__Excerpted data__.

[Start of section]

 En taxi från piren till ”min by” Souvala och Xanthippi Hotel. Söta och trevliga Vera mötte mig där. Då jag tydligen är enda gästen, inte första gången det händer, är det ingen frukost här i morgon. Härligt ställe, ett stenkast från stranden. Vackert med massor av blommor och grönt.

[End of section]
[Start of section]

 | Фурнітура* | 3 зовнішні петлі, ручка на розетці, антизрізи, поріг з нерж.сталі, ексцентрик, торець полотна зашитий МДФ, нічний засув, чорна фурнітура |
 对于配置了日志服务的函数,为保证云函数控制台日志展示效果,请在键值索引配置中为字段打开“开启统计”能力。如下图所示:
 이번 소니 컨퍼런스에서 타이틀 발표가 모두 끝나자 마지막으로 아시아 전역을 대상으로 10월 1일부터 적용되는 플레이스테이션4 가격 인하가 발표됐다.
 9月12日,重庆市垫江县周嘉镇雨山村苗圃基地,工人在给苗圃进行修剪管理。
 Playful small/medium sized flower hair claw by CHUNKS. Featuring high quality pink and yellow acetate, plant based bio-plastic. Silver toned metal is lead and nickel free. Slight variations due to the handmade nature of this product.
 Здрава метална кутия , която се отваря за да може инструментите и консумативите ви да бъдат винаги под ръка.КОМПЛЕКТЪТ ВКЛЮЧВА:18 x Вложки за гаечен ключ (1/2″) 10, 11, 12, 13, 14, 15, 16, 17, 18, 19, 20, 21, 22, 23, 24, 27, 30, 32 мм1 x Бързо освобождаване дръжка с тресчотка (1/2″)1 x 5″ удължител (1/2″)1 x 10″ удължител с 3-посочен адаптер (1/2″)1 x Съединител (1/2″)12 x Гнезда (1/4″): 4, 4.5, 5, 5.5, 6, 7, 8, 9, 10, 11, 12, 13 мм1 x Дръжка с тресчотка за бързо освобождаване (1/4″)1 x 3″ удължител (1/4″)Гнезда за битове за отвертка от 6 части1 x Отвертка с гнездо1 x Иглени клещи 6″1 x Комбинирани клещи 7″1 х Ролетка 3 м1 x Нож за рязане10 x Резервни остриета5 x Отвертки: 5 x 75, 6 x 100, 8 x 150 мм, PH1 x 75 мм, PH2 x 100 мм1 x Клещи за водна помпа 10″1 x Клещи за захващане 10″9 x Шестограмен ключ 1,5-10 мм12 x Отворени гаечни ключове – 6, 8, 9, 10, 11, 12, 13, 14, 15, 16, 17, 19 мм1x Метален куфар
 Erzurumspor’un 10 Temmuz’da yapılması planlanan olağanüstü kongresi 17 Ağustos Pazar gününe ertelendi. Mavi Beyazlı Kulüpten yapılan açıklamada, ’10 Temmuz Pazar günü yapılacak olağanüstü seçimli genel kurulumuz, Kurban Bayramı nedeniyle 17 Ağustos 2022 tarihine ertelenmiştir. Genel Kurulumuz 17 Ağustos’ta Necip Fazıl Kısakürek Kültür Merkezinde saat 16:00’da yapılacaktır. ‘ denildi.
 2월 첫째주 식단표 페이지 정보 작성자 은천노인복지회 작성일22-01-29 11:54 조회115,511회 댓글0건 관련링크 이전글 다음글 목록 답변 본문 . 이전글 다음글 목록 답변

[End of section]
[Start of section]

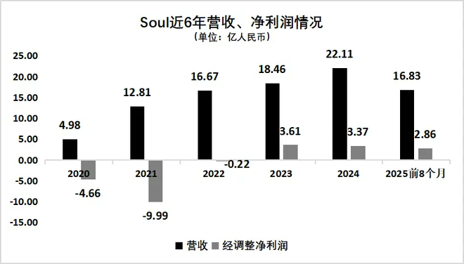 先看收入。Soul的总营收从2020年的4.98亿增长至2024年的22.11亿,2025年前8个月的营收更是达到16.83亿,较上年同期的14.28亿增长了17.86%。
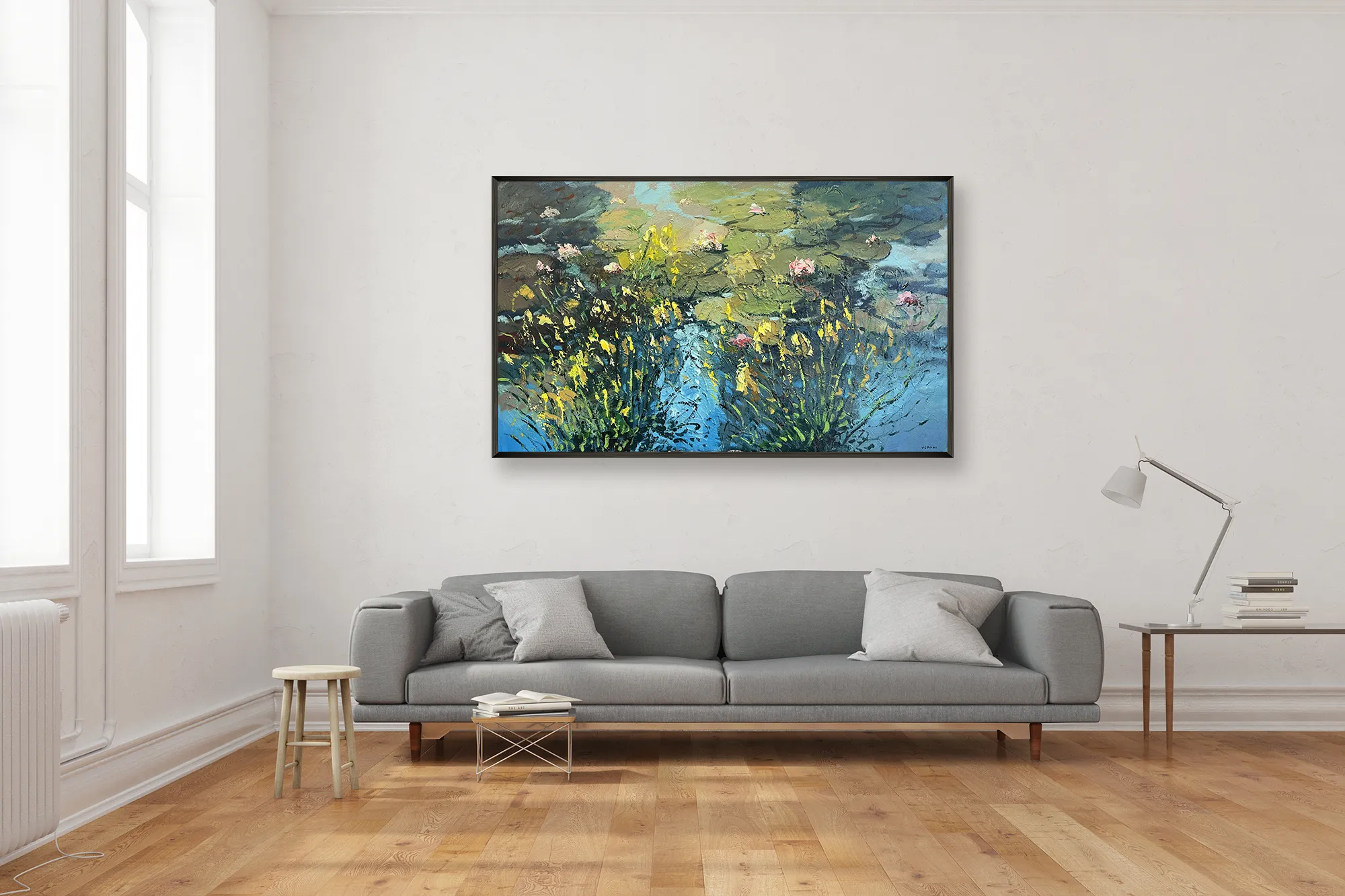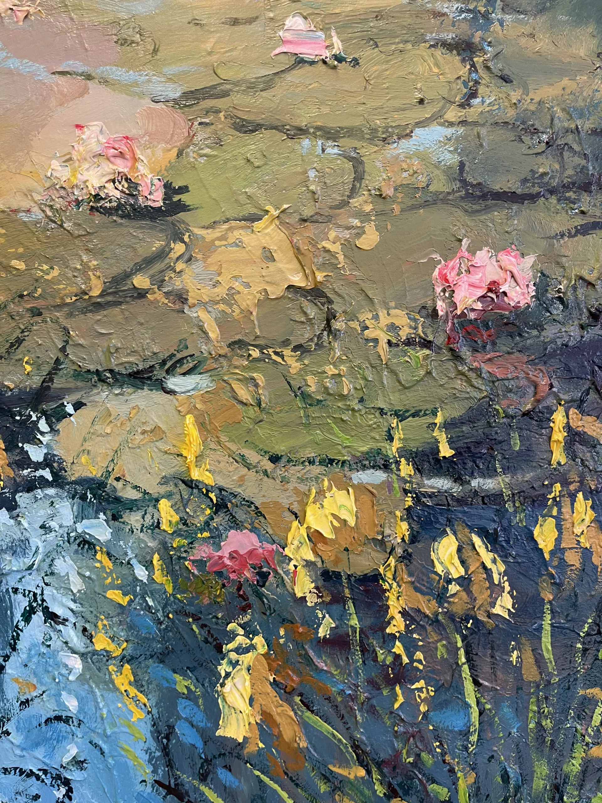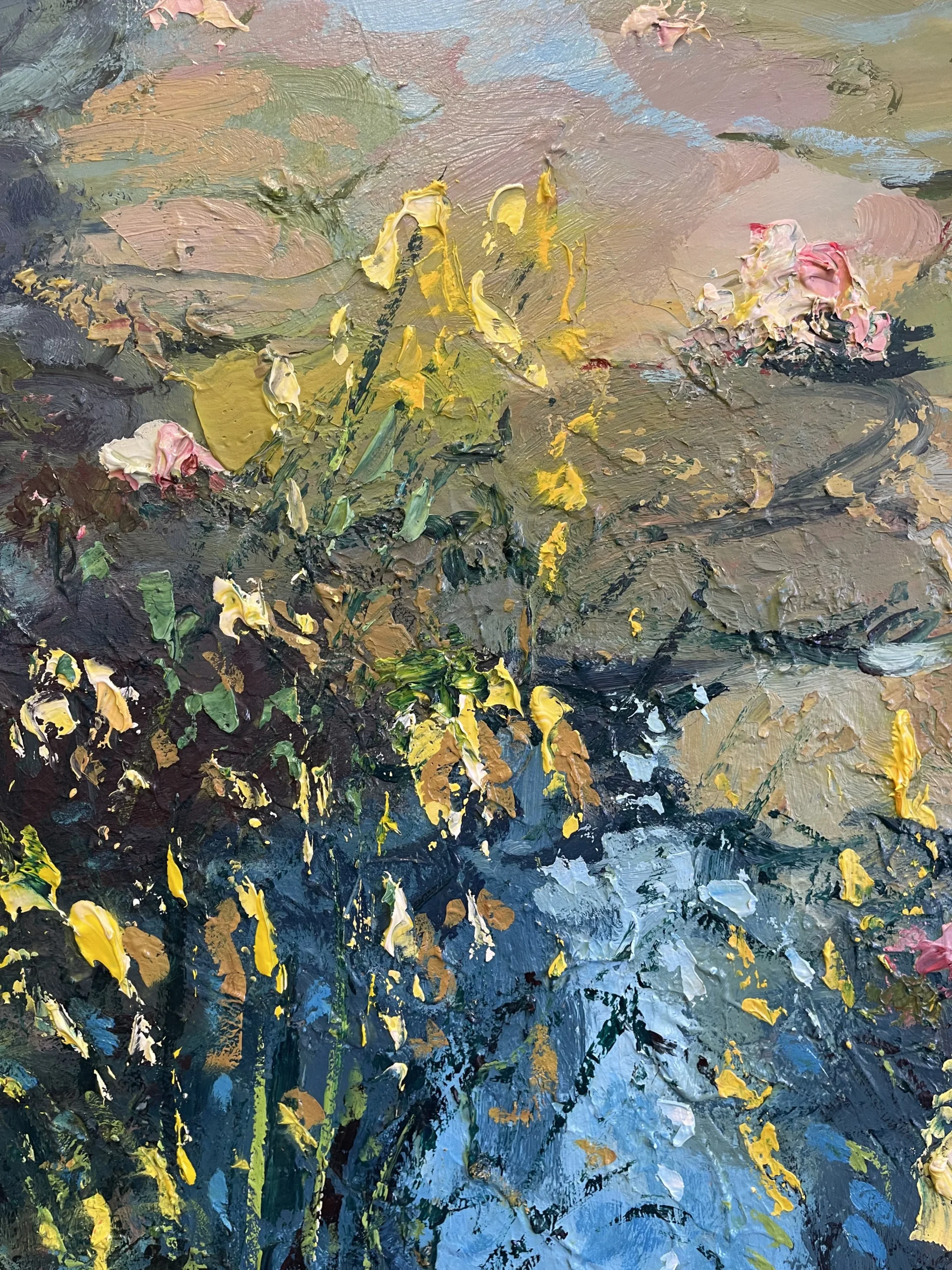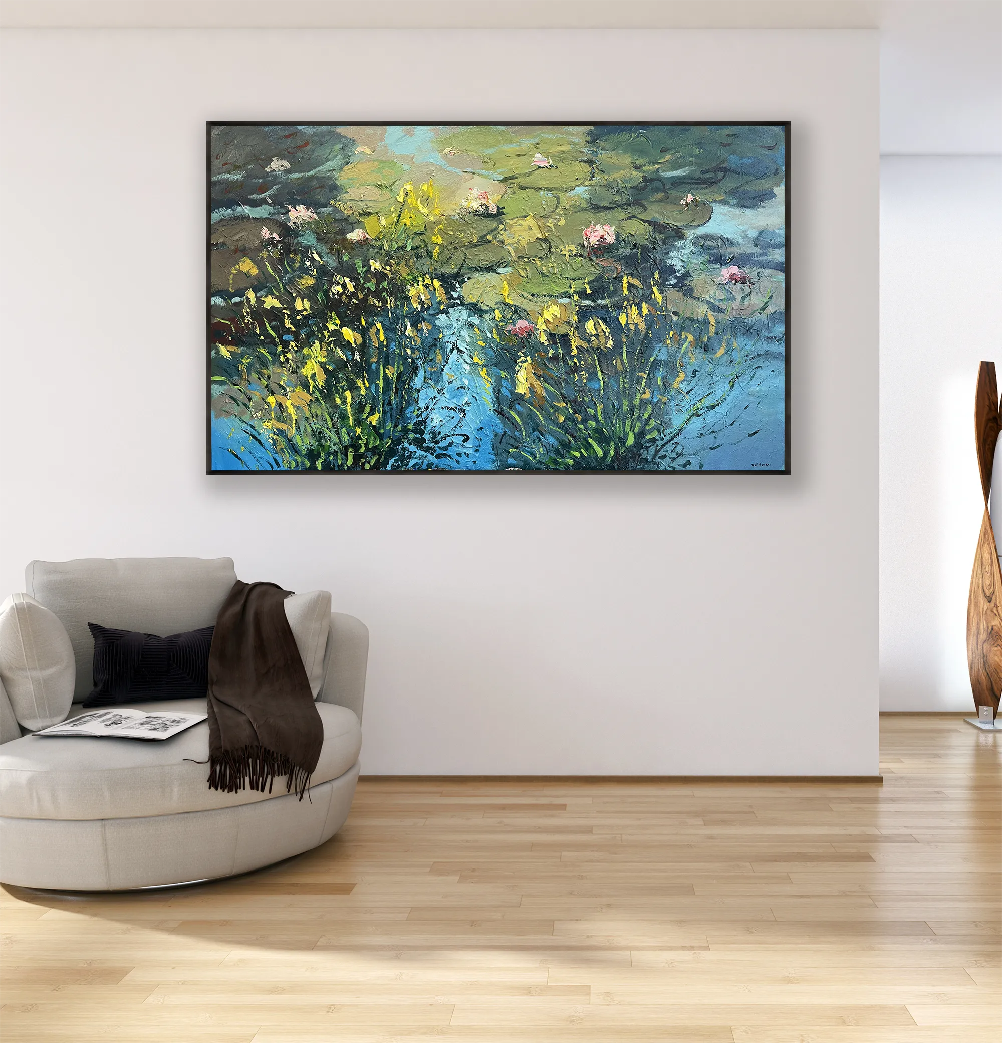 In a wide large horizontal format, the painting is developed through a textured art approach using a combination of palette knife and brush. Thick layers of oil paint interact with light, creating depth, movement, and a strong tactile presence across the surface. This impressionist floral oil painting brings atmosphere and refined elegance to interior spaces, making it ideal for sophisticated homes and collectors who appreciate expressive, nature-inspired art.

[End of section]

Give back, unchanged, the run of lines in the listing above that begins at the line containing "Erzurumspor’un 10 Temmuz’da" and ends at the line containing "2월 첫째주 식단표 페이지", both included.

__Answer for the task__.
 Erzurumspor’un 10 Temmuz’da yapılması planlanan olağanüstü kongresi 17 Ağustos Pazar gününe ertelendi. Mavi Beyazlı Kulüpten yapılan açıklamada, ’10 Temmuz Pazar günü yapılacak olağanüstü seçimli genel kurulumuz, Kurban Bayramı nedeniyle 17 Ağustos 2022 tarihine ertelenmiştir. Genel Kurulumuz 17 Ağustos’ta Necip Fazıl Kısakürek Kültür Merkezinde saat 16:00’da yapılacaktır. ‘ denildi.
 2월 첫째주 식단표 페이지 정보 작성자 은천노인복지회 작성일22-01-29 11:54 조회115,511회 댓글0건 관련링크 이전글 다음글 목록 답변 본문 . 이전글 다음글 목록 답변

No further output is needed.